Since its inception in 1996, the Nantucket Film Festival has championed the cause of screenwriters. Yet many of its films are documentaries, which traditionally are considered to be unscripted. Perhaps in documentaries the authorship might be attributed to the reality recorded, edited by the discerning eye and organizing vision of the filmmaker.
The realities inscribed in some of the documentaries screening in this year’s festival, June 21-26, are grim indeed: conspiracy, tyranny, oppression, and the dystopic collapse of civilization, a reflection, perhaps, of anxieties about the current political state of affairs.
The conspiracies in Erik Nelson’s “A Gray State” (Thursday at 4 p.m. and Friday at 8:45 p.m.) are perhaps imaginary, but no less real for David Crowley, the filmmaker whose project was to put them on film in the dystopian thriller of the title. A veteran of Iraq and Afghanistan, Crowley was disgusted and alarmed by what he saw as official folly in those two wars. He perceived an underlying plot by shadowy government entities to impose a murderous dictatorship and made this the premise of his film.

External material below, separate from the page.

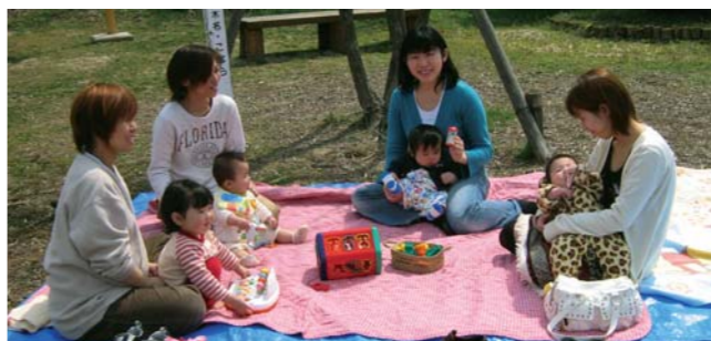
↑心地よいお日さまの下で、いい気分♪

保育園横のどんぐりコロソ広場で、「なかよし広場」 を開催しました。暖かい日差しを浴びて、おもちゃで あそんだり草花を摘んだりティータイムをとったり と、ゆったりとした時間を過ごしました。おいしい空 気を吸って、心もからだもポッカポカの「広場」タイ ムでした。

His scenario appealed to militia groups and outspoken conspiracy theorists — among the latter, InfoWars’s Alex Jones. It also roused the interest of Hollywood producers who were willing to put up $30 million to make the film — which, as seen in the polished and terrifying trailer Nelson had completed, looks like a potential Hollywood hit. At what seemed the brink of success, Crowley was found shot to death along with his wife and 5-year-old daughter – whom, police concluded, he murdered before killing himself.
The threat of death from the government was all too real for the subjects of Jon Kean’s “After Auschwitz: The Stories of Six Women” (Saturday at 11:15 a.m. and June 25 at 1:15 p.m.). Many documentaries about the Holocaust stop when the camps are liberated; here Kean follows the lives of his six subjects during the aftermath. Through testimony and archival footage it shows their ordeal amid the desperation and chaos of postwar Europe, where they had neither homes nor families. With humor and pathos the film relates their resettlement in the United States, their responses to Eisenhower-era affluence, their decisions to start their own families, their integration into and contributions to their new homeland, and their efforts to come to terms with — and never forget — the past.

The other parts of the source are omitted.